What happens when single parents die?

wills for single parents

“Are you doing to die, Mum?” 

“Yes, but I’ve no immediate plans in that direction.” 

“OK. If you do, though, will I get all your money?” 

Sometimes it’s the small moments that make all the hard work of motherhood worth it, aren’t they?

This week has been all about wills and financial planning. I know, I know. Making a will is one of those things I really should have got around to years ago, but there always seemed to be something more important to finish first. Work, school stuff, that packet of Quavers…

For someone who spends as much time as me trying to fight my natural inclination to obsess on all the Terrible Things that might happen to me on a daily basis, making a will is a bit challenging.

Honestly, just the thought of my lovely girl being alone, without me to protect her makes my heart stutter, but as a single parent, it’s unavoidable. After all, does anyone really want their ex-husband to move into their precious house and sleep in their bed, and manage all their finances until their child comes of age? *shudders* 

And as a single parent, I don’t have the luxury of being able to leave everything to my spouse and smugly note that there’s zero inheritance tax. Oh no. If I don’t make sensible arrangements, Flea has to pay 40% tax on anything I leave that is valued over the threshold – and once you take a house into consideration, that threshold really isn’t very high at all.

Not to mention the very real risk that she would immediately sell the house, car, business and anything else not nailed down and spend the proceeds on Nike trainers, Haribo and vintage Marvel comics.

So I’ve been thinking and planning.

First, there’s financial planning. Putting things into place to cover school fees and university fees in the short-term, and flat deposits beyond that. There are insurance policies to pay off the mortgage and provide an income in the event I’m no longer here supporting the household. There are pensions and investments and all the other stuff my financial advisor told me to do when I was 25 and I ignored him because, well, I was 25.

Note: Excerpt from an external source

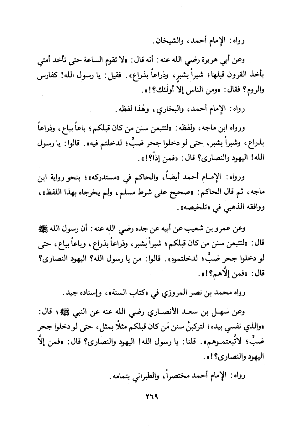 وعن عمرو بن شعيب عن أبيه عن جده رضي الله عنه: أن رسول الله صلى الله عليه وسلم قال: «لتتبعن سنن من كان قبلكم؛ شبرًا بشبر، وذراعًا بذراع، وباعًا بباع، حتى لو دخلوا جحر ضب؛ لدخلتموه. قالوا: من يا رسول الله؟ اليهود النصارى؟ قال: "فمن إلا هم؟ !» .
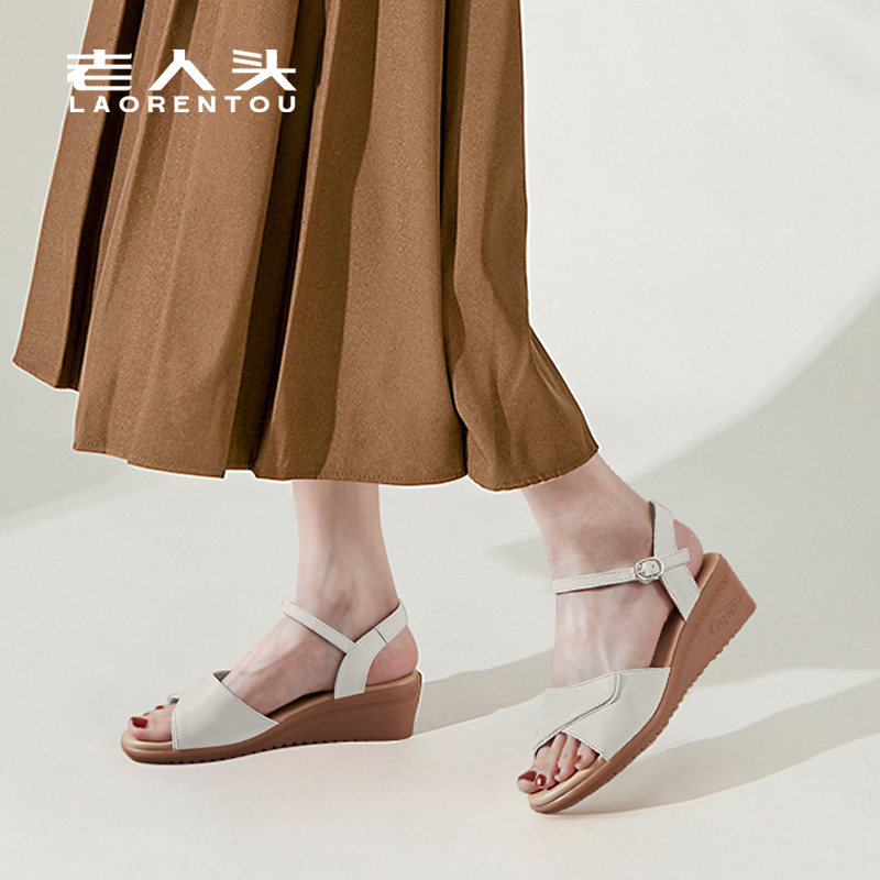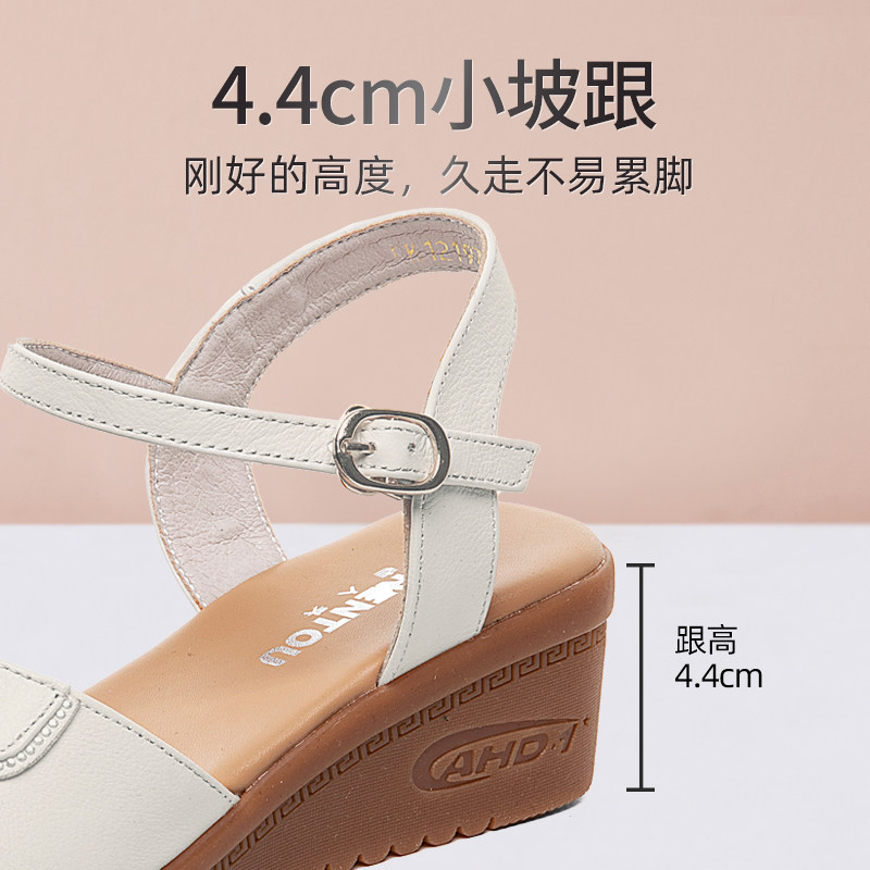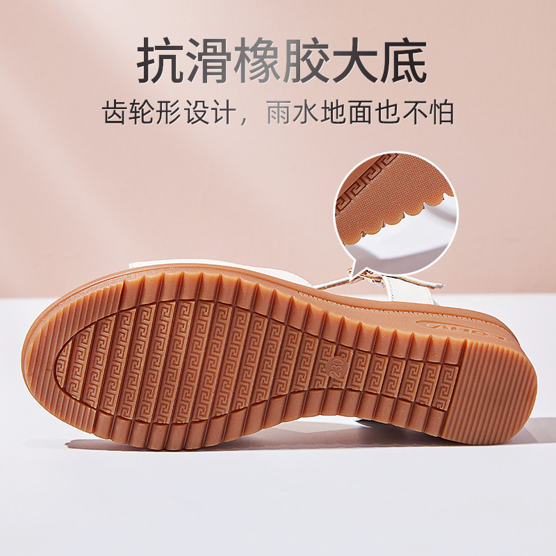 百搭防滑真皮坡跟平底凉鞋女

Then it’s a question of what happens to those assets when I’m gone.

It’s easy to just say, “Flea gets everything” but when? In stages? All in one go? My child will need an income to pay for her education, housing, food – who will manage that money for her? What happens to the share of the business she will inherit? My ex-husband has many talents, but financial management isn’t one of them. So I need to ask someone else to take on that responsibility – and ensure they’re aware of my wishes.

It feels like a monumentally giant ask, doesn’t it? Would you look after my child’s financial wellbeing? Will you be the person who sorts out my life insurance and ensures the electricity bill gets paid? If I’m incapacitated rather than dead, will you make decisions about my medical care, so Flea doesn’t have to?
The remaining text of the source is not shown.